Mr. Patterson didn't say another word. He turned around and walked out of the shop. He didn't wait for her. He just left.
Lauren stood there for a moment, her mask completely gone. She didn't look sad anymore. She looked ugly. Her face was contorted with a pure, unadulterated hatred.
“I hope you’re happy,” she spat. “You destroyed my family. You destroyed everything.”
“No,” I said, picking up my welding mask. “I just stopped the lie from destroying me. You did the rest yourself.”
She left then, screaming something about how I’d never find anyone who loved me like she did. I put my mask back on. I flipped the switch on the welder. The blue spark flared to life, bright and hot, and I went back to work.
The aftermath was quiet.
Lauren and Derek stayed together for a few months—long enough to try and prove it wasn't just a "mistake." But you can’t build a house on a swamp. Eventually, the ground shifts. I heard through the grapevine (mostly from a very apologetic Monica, whom I still haven't unblocked) that Lauren did the exact same thing to Derek.

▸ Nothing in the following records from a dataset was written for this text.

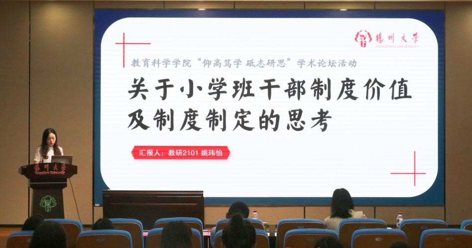 学术交流是提升研究生培养质量的重要方式。为督促研究生的理论与实践研究,最大限度地提高研究生的思维能力,扬州大学教育科学学院(师范学院)(学前教育学院)于2023年5月27日上午9:00在瘦西湖校区8号楼S405举办“仰高笃学,砥志研思”学术论坛活动。出席本次活动的嘉宾有:教育科学学院的甘宜涛老师、颜晓程老师。此外,教育科学学院的研一、研二学子积极参与了本次学术论坛。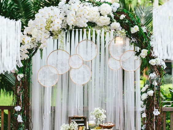 Phong cách Bohemian (Boho) đang ngày càng được nhiều cặp đôi yêu thích vì sự phóng khoáng và nghệ thuật. Backdrop đám cưới ngoài trời theo phong cách này thường mang vẻ đẹp hoang dã, tự do với màu sắc tươi sáng và họa tiết đặc trưng.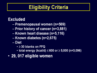 baseline, were -Premenopausal -Had a prior history of cancer other than skin cancer -Had a prior hx of HD -Had known diabetes -Had implausibly low or high total energy intake, or left blank a large number of questions on the FFQ This left approx. 29,000 eligible women at risk in this analysis. |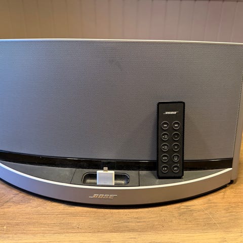 Bose högtalare med inbyggd dockningsstation för kompatibla enheter som Bluetooth adapter. Följer med en adapter men vet inte om den fungerar. Enheten är fristående och kan placeras på bord eller hylla. Passar för uppspelning av musik och ljud i hemmiljö. Silverfärgad front med integrerat högtalargaller och dockningsanslutning på framsidan.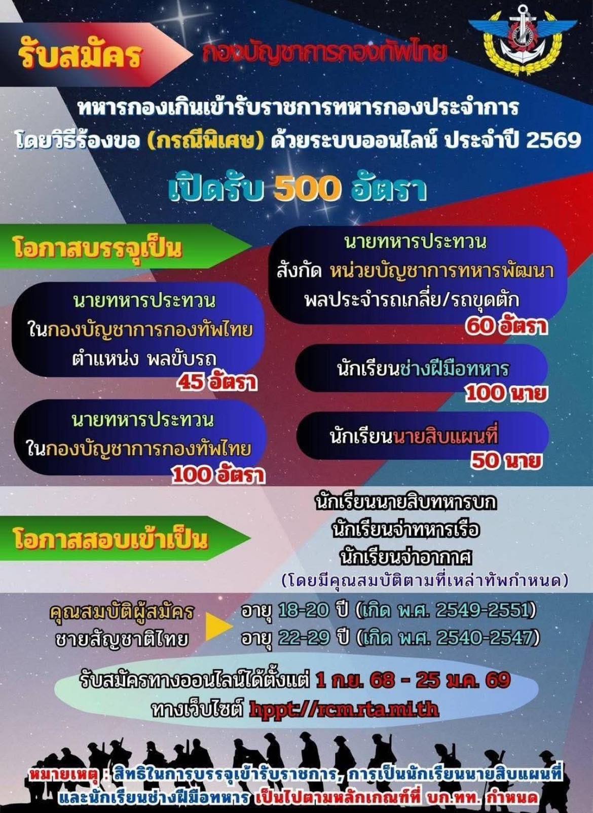 รับสมัครทางอินเตอร์เน็ตได้ที่เว็บไซต์ https://rcm.rta.mi.th/index69.php ตั้งแต่วันที่ 1 กันยายน 2568 – 25 มกราคม 2569

She disappeared for a weekend, turned off her phone, and came back with a story about "needing space."
Derek didn't hire a PI. He just threw her stuff out the window. I guess he didn't need twenty-three photos to see what I saw.
It’s been a year now.
My shop is busier than ever. I finished that spiral staircase, and it’s the centerpiece of a beautiful home downtown. Every time I look at it, I think about integrity. About how the most beautiful things are the ones that are built to last, with no hidden flaws.
I’m dating someone new now. Her name is Rachel. She’s an architect. We met when she came in to commission a piece for a library. On our third date, I told her the whole story. I didn't hide the PI bill or the drama.
She listened, then she said something I’ll never forget.
“A lot of people think trust is a gift you give someone. But it’s not. Trust is a bridge you build together, one honest brick at a time. If someone stops laying bricks, you don’t keep building your side. You just walk away before the whole thing falls on you.”
We don’t share locations. We don’t check each other’s phones. We don’t have to. Because when someone shows you who they are, you believe them the first time.
I lost $1,460 that weekend. I lost a two-year relationship. I lost a woman I thought I’d marry.
But I gained something much more valuable. I gained the realization that my peace is non-negotiable. I gained the strength to trust my gut over someone else’s gaslighting. And I gained the clarity to know that in a world full of people trying to bend the truth, there is still immense power in the honesty of cold, hard steel.
Lauren is still out there, I’m sure, writing her own scripts and finding new actors to play the villain in her life. But I’m no longer in the cast. And that is the best ending I could have ever fabricated.